Repeat, word for word and with nothing added, each line from the one containing "Polyhedral oligomer silsesquioxane" to the final line of the data, keeping both ends. Pictures are not part of the copy.

DATA BELOW:
+-------+

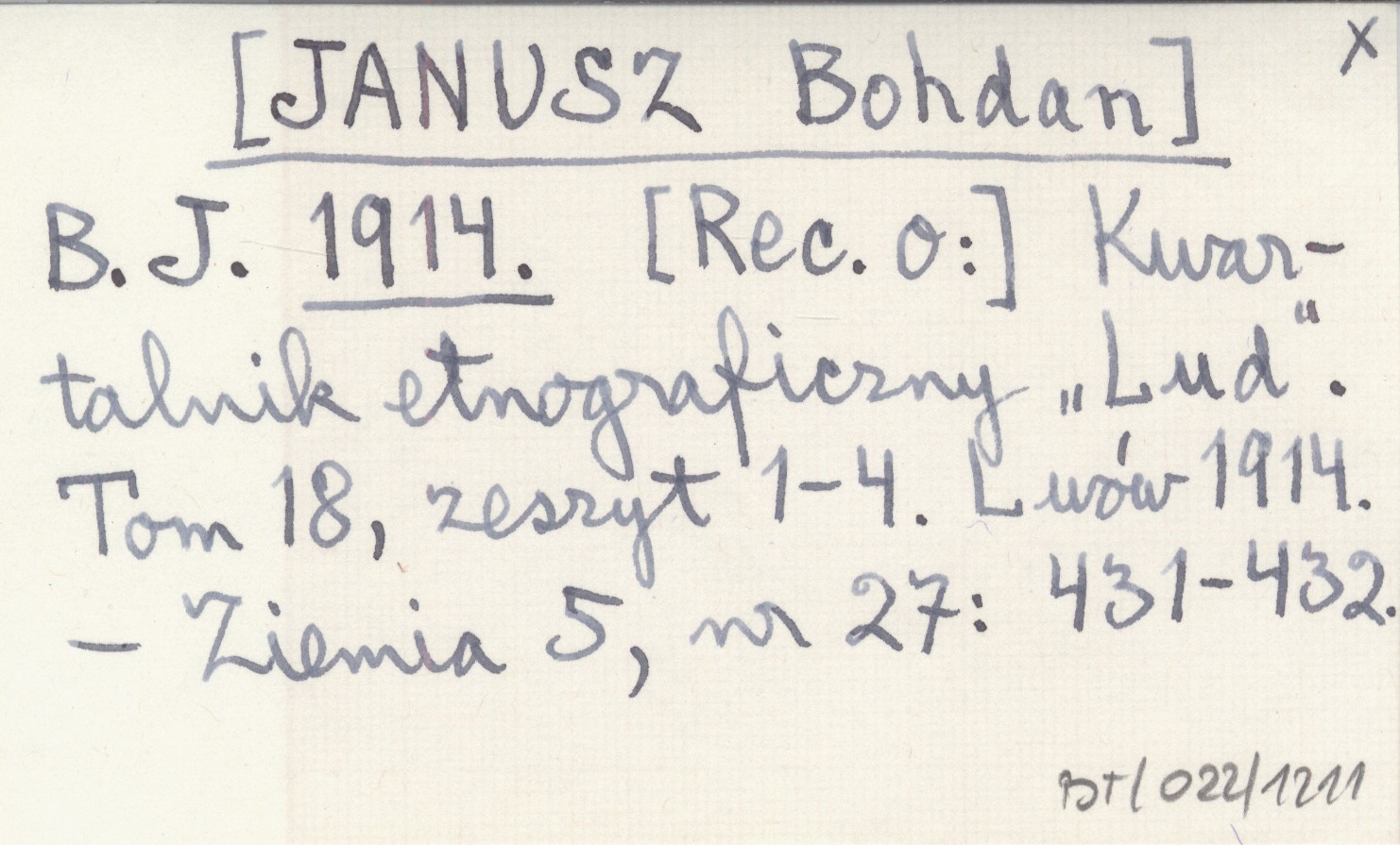 B. J. [JANUSZ Bohdan] 1914 Kwartalnik etnograficzny "Lud". Tom 18, zeszyt 1-4. Lwów 1914.
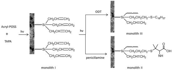 Polyhedral oligomer silsesquioxane (POSS) is a hybrid material with cage-like structure and nanoscale size [100,101]. The inherent properties of POSS, such as good resistance to temperature/oxidation and an excellent tolerance to pH, make it appropriate to prepare a new type of monolith column [102,103]. Ma and colleagues reported a pure POSS-based hybrid monolithic column (Figure 10), which was prepared by self-polymerization of acrylate (monolith I) with acrylopropyl polyoctahedral silsesquioxane (acryl-POSS) as crosslinking agent and 3-(triallyl silyl) propyl acrylate (TAPA) as a monomer. As a result, monolithic column I can be further modified by thiol-ene click reaction with penicillamine (monolithic II) and 1-octadecanethiol (monolithic III). The three monolithic columns were characterized and then applied to the separation of various small molecules and the determination of trypsin digestion solution of HeLa cells by reciprocal liquid chromatography [104].
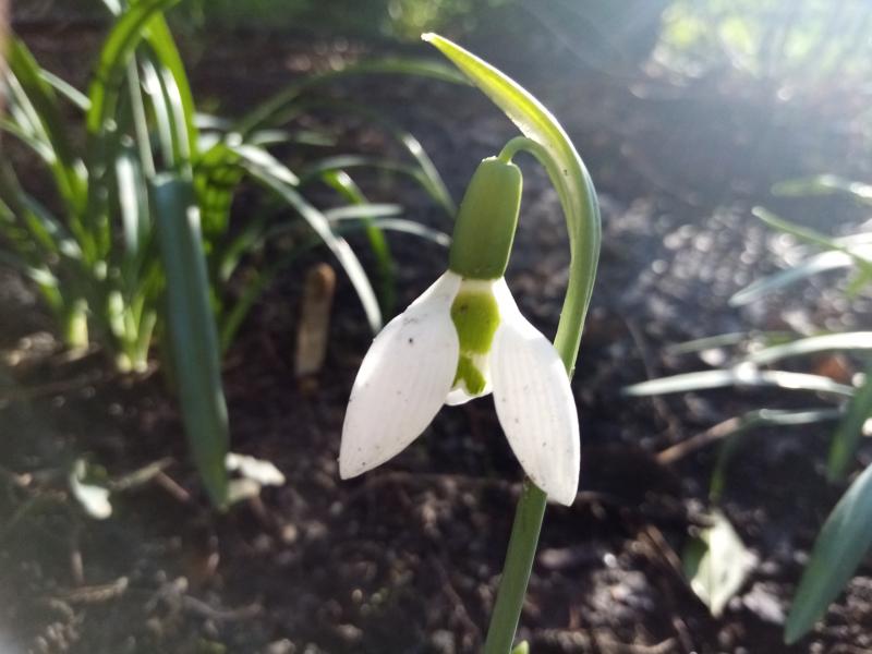 Bei dem heutigen Wetter blühen nun auch die Schneeglöckchen, Galanthus elwesii . Nivalis ist schon verblüht...

+-------+

REPLY:
 Polyhedral oligomer silsesquioxane (POSS) is a hybrid material with cage-like structure and nanoscale size [100,101]. The inherent properties of POSS, such as good resistance to temperature/oxidation and an excellent tolerance to pH, make it appropriate to prepare a new type of monolith column [102,103]. Ma and colleagues reported a pure POSS-based hybrid monolithic column (Figure 10), which was prepared by self-polymerization of acrylate (monolith I) with acrylopropyl polyoctahedral silsesquioxane (acryl-POSS) as crosslinking agent and 3-(triallyl silyl) propyl acrylate (TAPA) as a monomer. As a result, monolithic column I can be further modified by thiol-ene click reaction with penicillamine (monolithic II) and 1-octadecanethiol (monolithic III). The three monolithic columns were characterized and then applied to the separation of various small molecules and the determination of trypsin digestion solution of HeLa cells by reciprocal liquid chromatography [104].
 Bei dem heutigen Wetter blühen nun auch die Schneeglöckchen, Galanthus elwesii . Nivalis ist schon verblüht...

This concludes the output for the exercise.